Понимая ограниченность возможностей микроанализа и те опасности, которые заложены в концепте «истории в осколках», историки стали искать возможность примирения микро- и макроподходов: в конце концов и макроистория, как показал опыт развития исторической науки, оказалась в состоянии методологического кризиса, а значит, не обладала объяснительным всемогуществом и имела свои ограничения. Среди серьезных историков, реализовывавших микроисторические практики, никогда не было тех, кто в принципе отрицал необходимость синтеза или провозглашал отказ от макроисторических понятий как таковых. Напротив, «уход на микроуровень в рамках антропологической версии социальной истории изначально подразумевал последующее возвращение к генерализации на новых основаниях, хотя и с полным осознанием тех труднопреодолимых препятствий, которые встретятся на этом “обратном пути”»[16]. Таким образом, формирование микроанализа как направления исторических исследований изначально задавало проблему поиска методолого-методического компромисса, одновременно побуждая к обновлению арсенала макроисторических практик. Осмысление проблемы методологического синтеза, интеграции микро-и макроподходов, как представляется, нашло наиболее емкое и лаконичное объяснение в формулировках, предложенных Ю. Л. Бессмертным. Отталкиваясь от открытого Нильсом Бором метода сочетания некоторых форм получения информации в квантовой механике, названного им «принципом дополнительности», историк сформулировал общие принципы осмысления прошлого посредством параллельного использования разных по своей сути способов: исследования больших структур и исследования микромира (как индивидуализированного воплощения стереотипов и уникальных поведенческих феноменов). Этот принцип дополнительности, примененный к изучению социальной материи, Ю. Л. Бессмертный образно сравнил с бинокулярным восприятием мира зрительным центром человеческого мозга[17].

Думается, что с некоторых пор подобная «бинокулярность» исторического исследования не остается лишь красивой метафорой, а с той или иной степенью успеха претворяется в жизнь.
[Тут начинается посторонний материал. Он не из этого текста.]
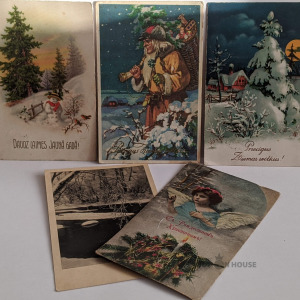 Piecas Senas pastkartes, Ziemassvetki, Jaunais gads, 1916.g., 1929.g., `1931.g.,40-tie gadi

При всей нынешней дискретности профессионального сообщества и методологической полифонии, представляющейся пессимистам какофонией, а оптимистам – одой радости свободному творчеству, мы наблюдаем появление значительного количества авторов, благополучно реализующих этот принцип гармонизации исследовательских практик, и еще большее количество к таковому стремящихся. В этом смысле надежда П. Ю. Уварова на то, что дочери все-таки вернут старику Лиру – социальной истории – часть имущества, похоже, оправдывается, а «сюжеты социальной истории и даже “большие нарративы” вновь возвращаются», обогащенные новыми смыслами и новыми методами[18].

Примечательно в этом отношении то, что в последнее время мы наблюдаем не только эволюцию исторического знания, его обогащение методами и подходами, присущими другим дисциплинам социально-гуманитарного круга, но и встречный процесс – влияние на них методов и подходов исторической науки. В науковедческой литературе даже появилось понятие «исторического поворота в социологии», что было немыслимо не только в начале прошлого столетия, когда зарождавшиеся социальные науки стали обживать предметные поля, еще недавно находившиеся в исключительной «юрисдикции» историков, но и позже, когда влиятельные социологические теории брали на себя смелость подлинно научного объяснения неких законов развития общества, оставляя истории, в лучшем случае, роль поставщика эмпирического «сырья».
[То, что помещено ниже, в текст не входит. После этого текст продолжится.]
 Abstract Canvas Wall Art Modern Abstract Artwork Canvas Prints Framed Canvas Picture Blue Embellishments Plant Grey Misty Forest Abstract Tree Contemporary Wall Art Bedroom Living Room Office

На сегодняшний день необходимость поиска адекватного инструментария для изучения множества аспектов жизни общества в различных временных и пространственных перспективах признана не только историками, но и социологами[19]. На страницах журнала «International Sociology» Т. Кларк и С. Липсет была развернута дискуссия об адекватности использования для описания социальной реальности понятия «социальный класс» и целесообразности формулировки принципа множественности критериев для обозначения места и роли различных социальных групп. В рамках «исторического поворота в социологии» произошло критическое осмысление ограниченности изучения «стабильных структур» и, как следствие, понимание недостаточности для исследования разнонаправленных социальных изменений ряда центральных категорий, а также признание многомерности статусных характеристик различных групп[20]. В работах представителей так называемой «третьей волны американской социологии» (Р. Аминадзе, Дж. Касанова, Э. Клеменс, Б. Дилл, Д. Дж. Франк, Л. Гриффин, Дж. Хайду, Дж. Мэйер, У. Сьюэл) заметно смещение исследовательского интереса с изучения стабильных макроструктур на выявление причин, содержания и последовательностей различных по своим масштабам событий, роли культурных паттернов поведения, суммарно приводящих к важным социальным изменениям[21]. Постепенно критическое осмысление ограниченности абстрактных теоретических схем для изучения социума и невозможность учесть все многообразие разнонаправленных факторов, воздействующих на мотивацию и поведение как отдельных индивидов, так и различных социальных групп, способствовало отходу от статичной модели изучения социальных феноменов и постепенному складыванию исследовательской модели «решения задач». Основой такой модели является признание бесперспективности поиска жестких детерминант, определяющих поведение индивидов, и акцентирование внимания на процессе возникновения актуальных для человека задач, поиск вариантов решения которых происходит как в соответствии, так и вопреки групповым представлениям о месте и границах допустимого поведения в конкретный момент времени. При таком подходе взгляд на общество как иерархически организованную социальную структуру, предполагающую наличие четко обозначенных сословий или классов, далеко не всегда позволяет объяснить, а в идеале – понять, многообразие социальных групп и направленность практических действий участников социальных взаимодействий.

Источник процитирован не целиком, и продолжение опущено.